When asked in Madrid whether there have been threats to democracy and human rights depending on who becomes the next president, he answered that the country is a consolidated democracy.
Far-right candidates Jair Bolsonaro, of the Social Liberal Party (PSL), and center-left Fernando Haddad, of the Workers’ Party (PT) are competing for the post as the country’s leader on a run-off vote to be held on October 28.
“It’s an electoral process with a very reliable result,” he said during a press conference. “Brazil’s a country with solid democratic institutions, an independent judiciary system, and free press,” he added.

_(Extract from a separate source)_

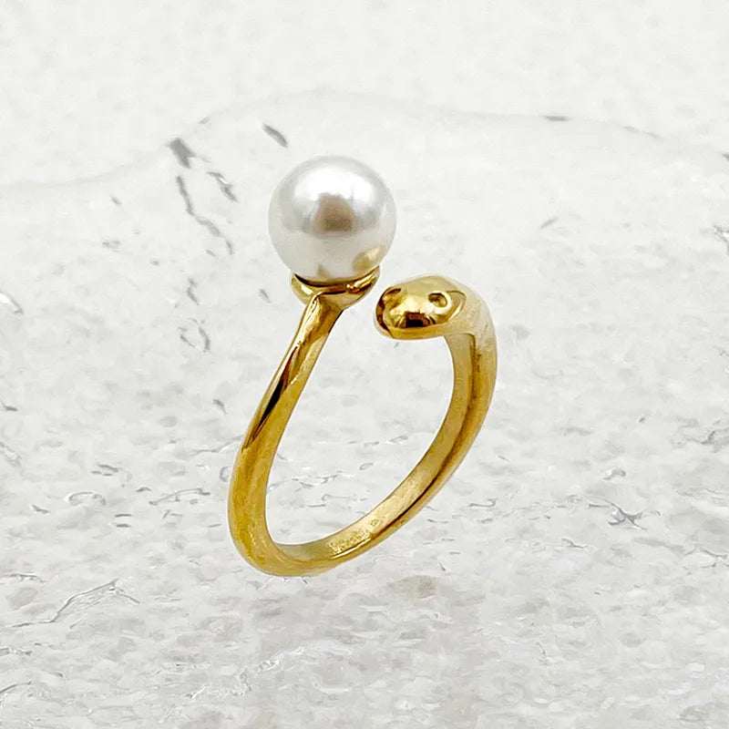304 Stainless Steel Gold Plated Simple Style Roman Style Commute Plating Inlay Round Pearl Rings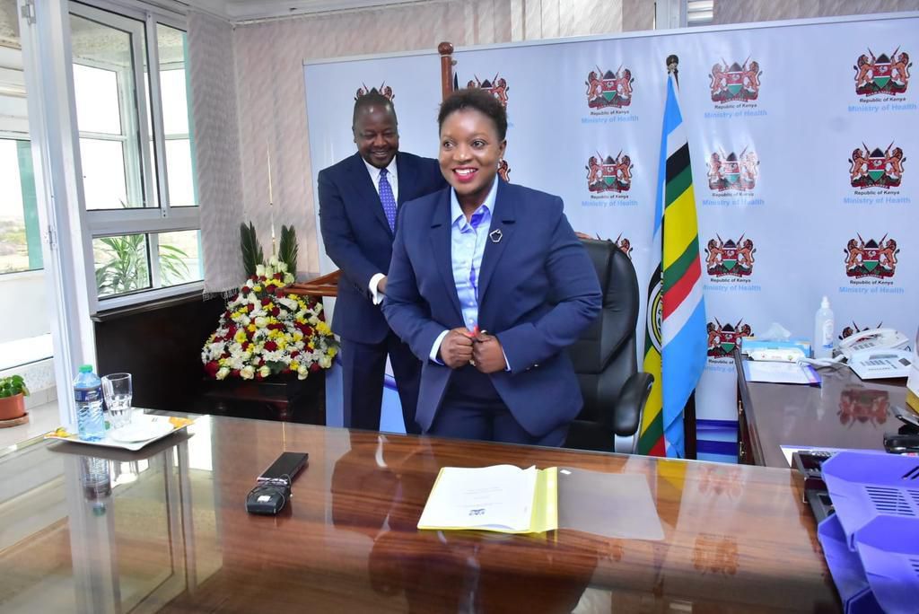 Health Cabinet Secretary Susan Wafula Nakhumicha with her predecessor Mutahi Kagwe

The minister is in Spain on a mission to negotiate terms of the Mercosur–EU deal.
When questioned about possible setbacks in ensuring the enforcement of human rights among minorities, Aloysio Nunes argued that Brazilian law is solid, and mentioned international commitments made to protect human rights.
“Our legislation is exemplary. It’s based on both federal and constitutional norms,” he pointed out. “A change in who’s in command will not move the way we enforce human rights this way or that. We have fairly strong international commitments in this connection.”
In the interview, Nunes also highlighted that elections in Brazil face the particular issues of a populous and extremely large country. “Some of our voting machines are taken by boat to the far ends of the Amazon and to indigenous villages, and are powered with solar energy.”